### Data segment

· · · · · · ·

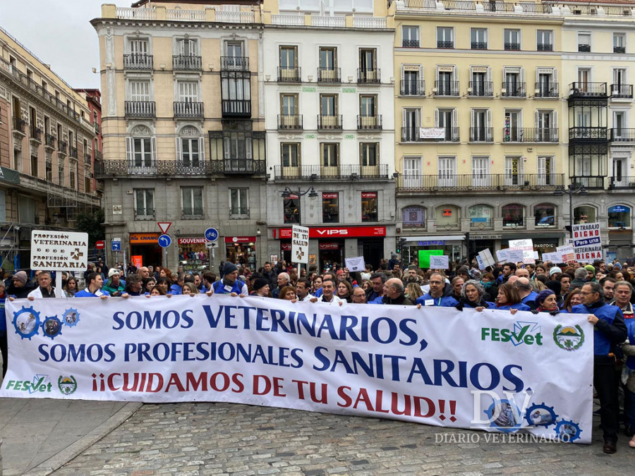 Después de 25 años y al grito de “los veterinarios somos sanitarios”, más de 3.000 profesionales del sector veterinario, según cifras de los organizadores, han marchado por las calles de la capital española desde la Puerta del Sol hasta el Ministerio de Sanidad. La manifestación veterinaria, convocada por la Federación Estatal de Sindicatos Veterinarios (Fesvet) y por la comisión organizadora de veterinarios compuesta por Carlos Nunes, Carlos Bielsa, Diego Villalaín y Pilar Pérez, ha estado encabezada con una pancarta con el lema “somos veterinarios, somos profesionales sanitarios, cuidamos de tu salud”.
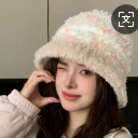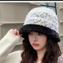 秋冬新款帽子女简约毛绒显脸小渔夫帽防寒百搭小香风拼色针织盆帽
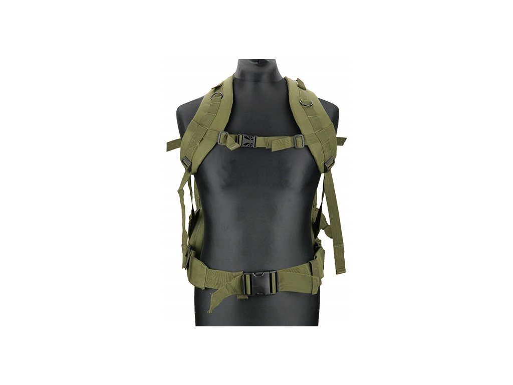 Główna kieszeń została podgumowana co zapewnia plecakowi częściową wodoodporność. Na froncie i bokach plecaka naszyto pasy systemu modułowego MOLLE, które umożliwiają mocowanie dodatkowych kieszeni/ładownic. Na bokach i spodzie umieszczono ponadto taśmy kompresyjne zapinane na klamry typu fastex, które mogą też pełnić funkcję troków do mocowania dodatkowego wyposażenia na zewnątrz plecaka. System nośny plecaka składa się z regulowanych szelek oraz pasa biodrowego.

· · · · · · ·

### Aim of the exercise
Repeat the material above verbatim. Leave the pictures behind.

### Exercise result
 Después de 25 años y al grito de “los veterinarios somos sanitarios”, más de 3.000 profesionales del sector veterinario, según cifras de los organizadores, han marchado por las calles de la capital española desde la Puerta del Sol hasta el Ministerio de Sanidad. La manifestación veterinaria, convocada por la Federación Estatal de Sindicatos Veterinarios (Fesvet) y por la comisión organizadora de veterinarios compuesta por Carlos Nunes, Carlos Bielsa, Diego Villalaín y Pilar Pérez, ha estado encabezada con una pancarta con el lema “somos veterinarios, somos profesionales sanitarios, cuidamos de tu salud”.
 秋冬新款帽子女简约毛绒显脸小渔夫帽防寒百搭小香风拼色针织盆帽
 Główna kieszeń została podgumowana co zapewnia plecakowi częściową wodoodporność. Na froncie i bokach plecaka naszyto pasy systemu modułowego MOLLE, które umożliwiają mocowanie dodatkowych kieszeni/ładownic. Na bokach i spodzie umieszczono ponadto taśmy kompresyjne zapinane na klamry typu fastex, które mogą też pełnić funkcję troków do mocowania dodatkowego wyposażenia na zewnątrz plecaka. System nośny plecaka składa się z regulowanych szelek oraz pasa biodrowego.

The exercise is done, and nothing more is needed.